Mouse embryonic stem (mES) cells (clone AN3-12), derived from C57BL/6×129 F1 females, were obtained from IMBA Haplobank (U. Elling et al., accepted for publication in Nature) and cultured in 15 % FBS (Gibco), 1× Penicillin-Streptomycin solution (100 U/ml Penicillin, 0.1 mg/ml Streptomycin, Sigma), 2 mM L-Glutamine (Sigma), 1× MEM Non-essential amino acid solution (Sigma), 1 mM sodium pyruvate (Sigma), 50 μM 2-Mercaptoethanol (Gibco) and 20 ng/ml LIF (in-house produced). Cells were maintained at 37°C with 5% CO2 and passaged every second day. Cell doubling time of AN3-12 mES in presence of s4U cells as determined by cell counting was 14.7h. Prior to metabolic labeling experiments, mES cells were stained with Hoechst33342 and FACS-sorted to obtain a pure diploid population47.

SLAM-seq in mES cells

mES cells were seeded the day before the experiment at a density of 105 cells/ml. s4U-metabolic labeling in mES cells was performed by incubating mES cells in standard medium but adding s4U (Sigma) to a final concentration of 100 μM and media exchange every 3 hours for the duration of the pulse. For the uridine chase experiment, cells were washed twice with 1x PBS and incubated with standard medium supplemented with 10 mM uridine (Sigma). At respective time points, cells were harvested followed by total RNA extraction using TRIzol (Ambion) following the manufacturer’s instructions but including 0.1mM DTT (final conc.) during isopropanol precipitation. RNA was resuspended in 1 mM DTT. For a typical SLAM-seq experiment, 5 μg total RNA were treated with 10 mM iodoacetamide under optimal reaction conditions and subsequently ethanol precipitated and subjected to Quant-seq 3′ end mRNA library preparation.

RNA library preparation

Standard RNA seq libraries were prepared using NEBNext® Ultra(tm) Directional RNA Library Prep Kit for Illumina® (NEB) following the instructions of the manufacturer. Cap-seq libraries were prepared as previously described48. mRNA 3′ end sequencing was performed using the Quant-seq mRNA 3′ end library preparation kit (Lexogen) according to the instructions of the manufacturer. Small RNA libraries were generated as described before49, but adding total RNA from Arabidopsis thaliana unopened floral buds as spike-in before initial size-selection. Sequencing was performed on Illumina HiSeq 2500. Libraries were sequenced in SR50 mode except for transcriptional output measurements (Fig.3), which were sequenced in SR100 mode.

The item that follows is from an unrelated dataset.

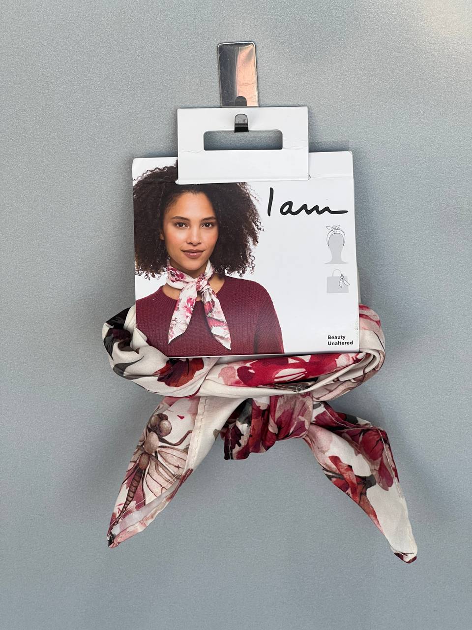 این محصول یک روسری دستمال سر است که با طرحهای هنری و رنگهای گرم، یک اکسسوری خیرهکننده و مجلسی به شمار میرود. طرح روی این دستمال، ترکیبی از گلهای انتزاعی به رنگهای قرمز تیره، صورتی و سفید است که به صورت هنرمندانه روی زمینه کرم قرار گرفتهاند. این دستمال با ظاهر شیک و مجلل خود، به راحتی میتواند استایلهای مختلف را از ساده به فوقالعاده تغییر دهد.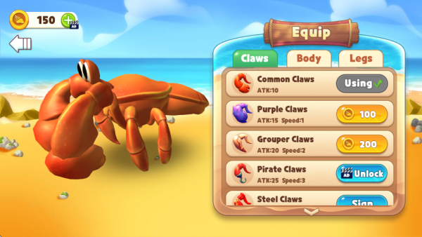4.在equipment界面中,玩家可以购买各种道具,用以升级螃蟹的各项战斗力,从而在竞技对决中拥有更多优势。

Transcriptional inhibition by Actinomycin D

3 × 105 AN3-12 mES cells were seeded per 35 mm plate and grown over night. To block transcription, actinomycin D (Sigma) was added to the medium at the concentration of 5 μg/ml. Cells were harvested at 0, 0.25h, 0.5h, 1h, 3h and 10 h after addition of actinomycin D by directly lysing them in TRIzol® (Ambion). RNA was extracted following the manufacturer instructions and libraries were prepared using Quant-seq mRNA 3′ end library preparation kit (Lexogen) according to the instructions of the manufacturer.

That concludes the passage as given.